Heuristic oversegmentation avoids making hard decision about the segmentation by taking a large number of different segmentations into consideration. Good candidate locations for cuts can be found by locating minima in the vertical projection profile, or minima of the distance between the upper and lower contours of the word. By generating more cuts than necessary, there is a higher probability that the correct set of cuts will be included. Alternative segmentations are represented by a segmentation graph. Each internal node is associated with a candidate cut. Each arc between a source node and a destination node is associated with an image that contains all the ink between the cuts. Each individual piece of ink is associated with an arc.

Segmentation graph

Recognition transformer and Viterbi transformer

A simple GTN to recognize character strings is composed of two GT's called the recognition transformer $T_{\text{rec}}$ and the Viterbi transformer $T_{\text{vit}}$. The goal of the recognition transformer is to generate an interpretation graph $G_{\text{int}}$, that contains all possible interpretations for all the possible segmentations of the input. Each path in $G_{\text{int}}$ represents one possible interpretation of one particular segmentation of the input. Viterbi transformer extracts the best interpretation from $G_{\text{int}}$.

Graph transformer network

The recognition transformer $T_{\text{rec}}$ applies recognizer for single characters to the images on the arcs of the segmentation graph $G_{\text{seg}}$. In the resulting set of arcs, there is one arc for each possible class with combined penalty (segmenter and recognizer) of the image associated with the corresponding arc in $G_{\text{seg}}$. The penalty of a particular interpretation for a particular segmentation is given by the sum of the arc penalties along the corresponding path in the interpretation graph.

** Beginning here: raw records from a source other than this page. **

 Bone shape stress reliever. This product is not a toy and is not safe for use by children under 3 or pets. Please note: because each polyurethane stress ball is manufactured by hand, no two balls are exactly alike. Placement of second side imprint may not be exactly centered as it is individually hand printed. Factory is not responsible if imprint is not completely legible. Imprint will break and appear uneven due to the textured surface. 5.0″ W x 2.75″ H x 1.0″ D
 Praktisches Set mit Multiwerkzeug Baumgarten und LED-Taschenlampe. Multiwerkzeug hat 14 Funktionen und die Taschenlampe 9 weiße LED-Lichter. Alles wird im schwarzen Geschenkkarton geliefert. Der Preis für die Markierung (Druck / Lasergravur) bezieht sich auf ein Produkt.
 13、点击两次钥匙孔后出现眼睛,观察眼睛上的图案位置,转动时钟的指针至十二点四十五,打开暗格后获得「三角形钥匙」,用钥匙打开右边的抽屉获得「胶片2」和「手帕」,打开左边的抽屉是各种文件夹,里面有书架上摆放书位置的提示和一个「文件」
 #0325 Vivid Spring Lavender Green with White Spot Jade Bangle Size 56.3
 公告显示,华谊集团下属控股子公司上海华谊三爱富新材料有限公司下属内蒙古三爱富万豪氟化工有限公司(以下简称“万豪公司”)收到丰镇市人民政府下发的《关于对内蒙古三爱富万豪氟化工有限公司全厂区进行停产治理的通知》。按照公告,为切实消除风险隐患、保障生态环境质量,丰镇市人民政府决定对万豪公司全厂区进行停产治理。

Output of the recognition transformer

The Viterbi transformer produces a graph $G_{\text{vit}}$ with a single path, which is of least cumulated penalty in the interpretation graph $G_{\text{int}}$. The Viterbi transformer uses Viterbi algorithm to find the shortest path in a graph efficiently (explanation video). Let $c_i$ be the penalty associated to arc $i$, with source node $s_i$, destination node $d_i$, and a label $l_i$. Each node $n$ is associated with a cumulated Viterbi penalty $v_n$. The start node is initialized with the cumulated penalty $v_\text{start}=0$. The other nodes cumulated penalties $v_n$ are computed recursively from the $v$ values of their parent nodes, through the upstream arcs $U_n=\{$ arc $i$ with destination $d_i=n\}$

$$v_n = \min_{i \in U_n} (c_i + v_{s_i})$$

The value of $i$ for each node $n$ which minimizes the right-hand side is denoted $m_n$, the minimizing entering arc. When the end node $v_\text{end}$ is reached, the total penalty of the path with the smallest total penalty is obtained. To obtain the Viterbi path with nodes $n_1 \ldots n_T$ and arcs $i_1 \ldots i_{T-1}$, we trace back these nodes and arcs, starting from the end node, and recursively using the minimizing entering arc until the start node is reached. The label sequence is then read off the arcs of the Viterbi path.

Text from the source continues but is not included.